\begin{equation} \text{UNSAT} = \qty {\phi : \text{all assignment make $\phi$ false}} \end{equation}
Equivalently, we have:
\begin{equation} \text{UNSAT} = \neg \text{SAT} \end{equation}
NP = coNP IFF UNSAT is in NP
\begin{equation} \text{NP} = \text{coNP} \Leftrightarrow \text{UNSAT} \in \text{NP} \end{equation}
\(\Rightarrow\)
Because \(\text{UNSAT} \in \text{coNP}\), and we hypothesize NP = coNP, so \(\text{UNSAT} \in \text{NP}\)
\(\Leftarrow\)
Suppose UNSAT in NP, we desire that \(\text{coNP} = NP\). Let \(L \in \text{coNP}\),so \(\neg L \in \text{NP}\), since SAT is NP-complete, we can write that \(L \leq_{p} \text{SAT}\). Equivalently, we have \(L \leq_{p} \neg \text{SAT} = \text{UNSAT}\). Since \(\text{UNSAT} \in \text{coNP}\), we have \(L \in \text{NP}\).

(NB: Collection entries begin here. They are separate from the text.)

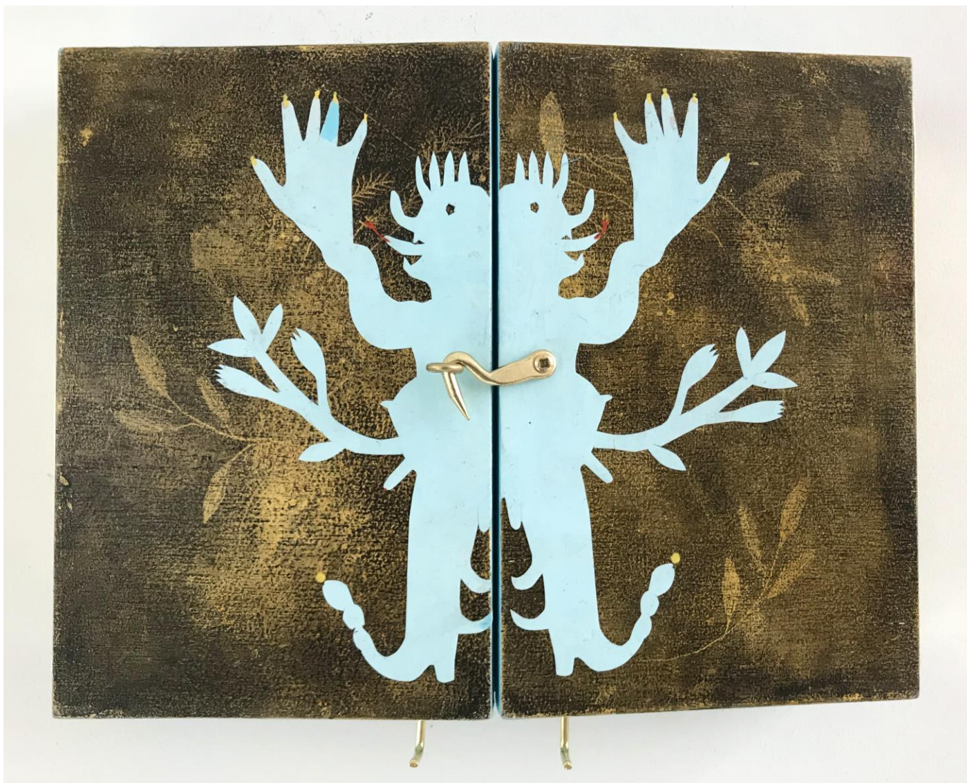
« La nuit est encore debout, c'est pour ça que je ne dors pas » (11) (fermé / closed) 2024, tech mixte sur bois / mixed media on wood, 15x20x2,5cm
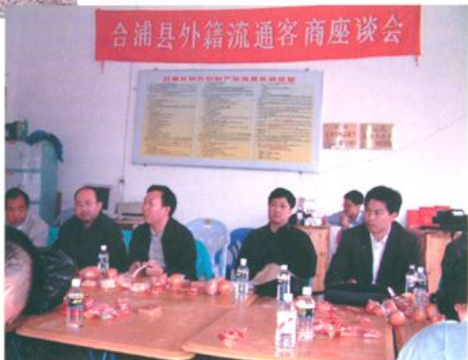
合浦县召开外籍流通客商座谈会
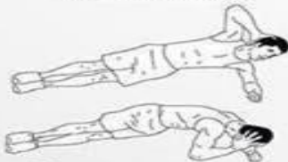
7. ABDOMINALES LATERALES
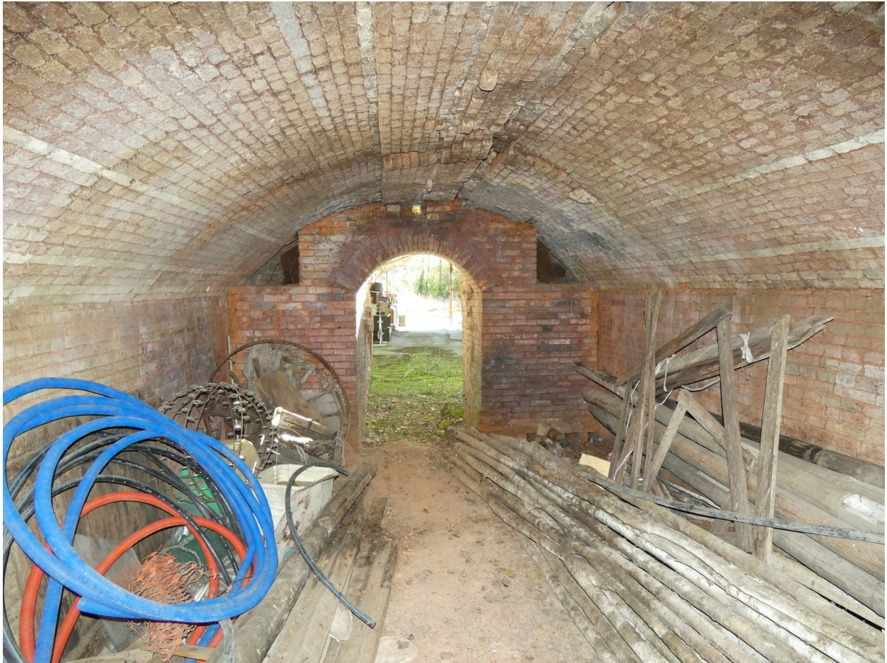
La chambre de cuisson du premier four, vue depuis le nord.
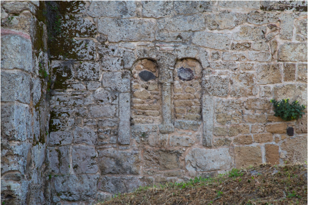
Fig. 8 - Détail d'une fenêtre à double baie fermée

Une grande partie des blocs utilisés pour la construction du premier et du second bâtiment ecclésiastique ont été recyclés et proviennent de la proche cité de Tharros, selon une pratique connue et bien consolidée.
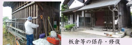
板倉等の保存・修復

震災で壁などが崩落した板倉・石倉・土蔵等の築年・構造・状態等の情報を収集します。維持・保存を奨励し、歴史的風致の維持向上に寄与します。改修時には費用の一部を助成します。
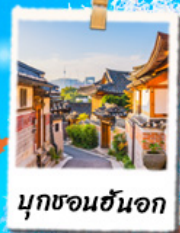
นุกซอนฮันอก
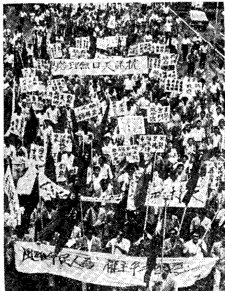
台大學生維護釣魚台主權示威遊行 (中六社)

根據最近政府有關單位，及研究機構專家們的一項綜合性調查報告顯示，台灣地區水源污染情形日趨嚴重，其中台北盆地的基隆河、新店溪更是嚴重，影響國民健康很大。
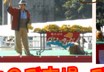
間六口さん パナソニックのたたき売り
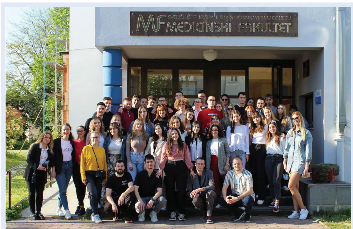
Slika 1. Članovi udruge na Nacionalnoj skupštini, akademska godina 2022./2023.

punopravni član Međunarodne federacije udruga studenata medicine (IFMSA) koja okuplja preko milijun članova diljem svijeta, CroMSIC se ističe svojom predanošću medicinskoj zajednici. Udruga aktivno djeluje na svim četirima medicinskim fakultetima u Hrvatskoj (Osijek, Rijeka, Split i Zagreb) 1,2 . Svaki grad ima svoju podružnicu, okupljajući tako više od 90 studenata medicine koji aktivno sudjeluju u organizaciji projekata u ulogama nacionalnih i lokalnih dužnosnika te asistenata (Slika 1). S ponosom možemo istaknuti da je u CroMSIC aplikaciji, koju su studenti sami osmislili i pokrenuli, službeno registrirano više od tisuću angažiranih studenata medicine koji sudjeluju u našim aktivnostima kao predani volonteri ili suradnici u organizaciji raznovrsnih događanja i projekata. Ova široka mreža studenata svakodnevno pridonosi misiji unaprjeđenja medicinske edukacije i promicanju volonterskog rada u medicinskoj zajednici, ali i izvan nje. Mnoge edukacije i projekti usmjereni su široj javnosti, a posebno se zalaže za peer-to-peer edukaciju te surađuje s brojnim srednjim školama diljem zemlje. Djelovanje CroMSIC-a proteže se od područja medicinske edukacije preko javnog zdravstva i seksualnog zdravlja do borbe za ljudska prava, a uz sve to or-

In particular this proves that UNSAT is coNP-complete
coNP complete
\(L\) is coNP complete if
- \(L \in \text{coNP}\)
- \(\forall A \in \text{coNP}, A \leq_{p} L\)
key detail: \(L\) is NP complete IFF \(\neg L\) is coNP complete. Corollary: \(L\) is NP-Complete IFF \(\neg L\) is NP-Complete.